Compare and contrast:

- \(\frac{\mathit{exp}(\beta_0 + \beta_1 x_1 + \beta_2 x_2)}{1 + \mathit{exp}(\beta_0 + \beta_1 x_1 + \beta_2 x_2)} \)
- \(\mathit{logit}^{-1}(\beta_0 + \beta_1 x_1 + \beta_2 x_2)\), where \(\mathit{logit}^{-1}(x)\) is defined as \(\frac{\mathit{exp}(x)}{1 + \mathit{exp}(x)} \)

Variants of version 1 are often found in psychology journals. Rather than separating out reusable defintions, e.g., here of the *logit *function, many psychologists for some reason find it necessary to plug all bits of a formula in together at once to make a monster formula.

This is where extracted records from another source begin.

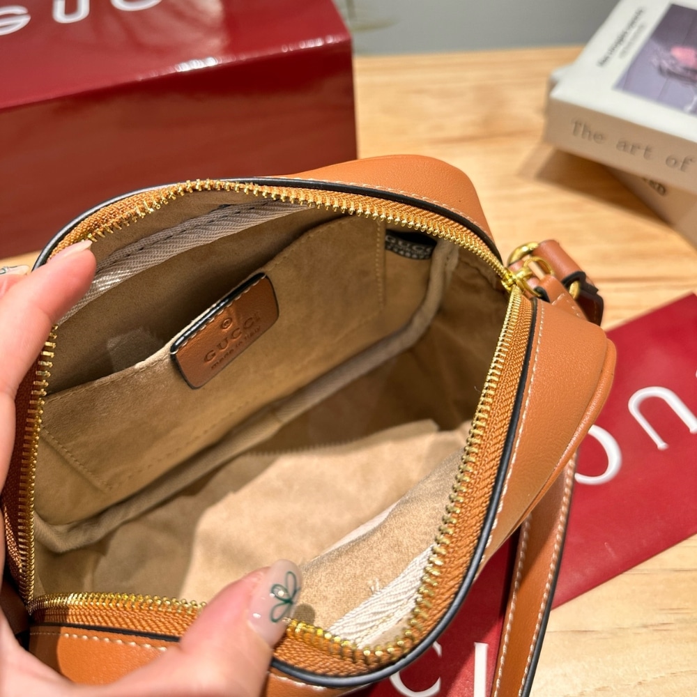 This mini shoulder bag from Gucci is crafted from brown leather with a fabric lining and gold-tone hardware. The bag may inspire nights out, but its compact size and go- to ease make this bag an everyday essential.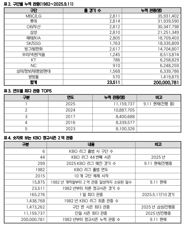 12일 한국야구위원회(KBO)에 따르면, KBO리그는 출범 첫 해인 1982년부터 지난해까지 치러진 정규시즌 2만2860경기에서 누적 1억8884만1044명으로 2억 관중 달성까지 1115만8956명을 남겨두고 2025시즌을 맞이했다. 11일까지 1115만9737명의 관중이 입장하며 정규시즌 누적 2억781명을 기록했다.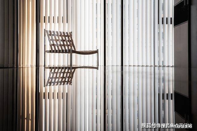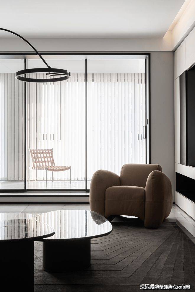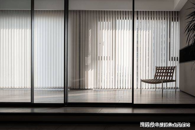 垂直百叶窗将透过大落地窗照进家中的光线均匀切开,营造出光影的效果,既保证了充足的光线又有效保证了隐私性。

Here’s another example; two definitions of correlation:

- $latex \frac{n\sum x_iy_i-\sum x_i\sum y_i}

{\sqrt{n\sum x_i^2-(\sum x_i)^2}~\sqrt{n\sum y_i^2-(\sum y_i)^2}}&s=2$ - \(\mathit{cov}(X,Y) \over \sigma_X \sigma_Y\)

(Okay, I cheated a bit with the second and left out definitions of covariance and *SD*.)

So the question: which do you find easier to understand?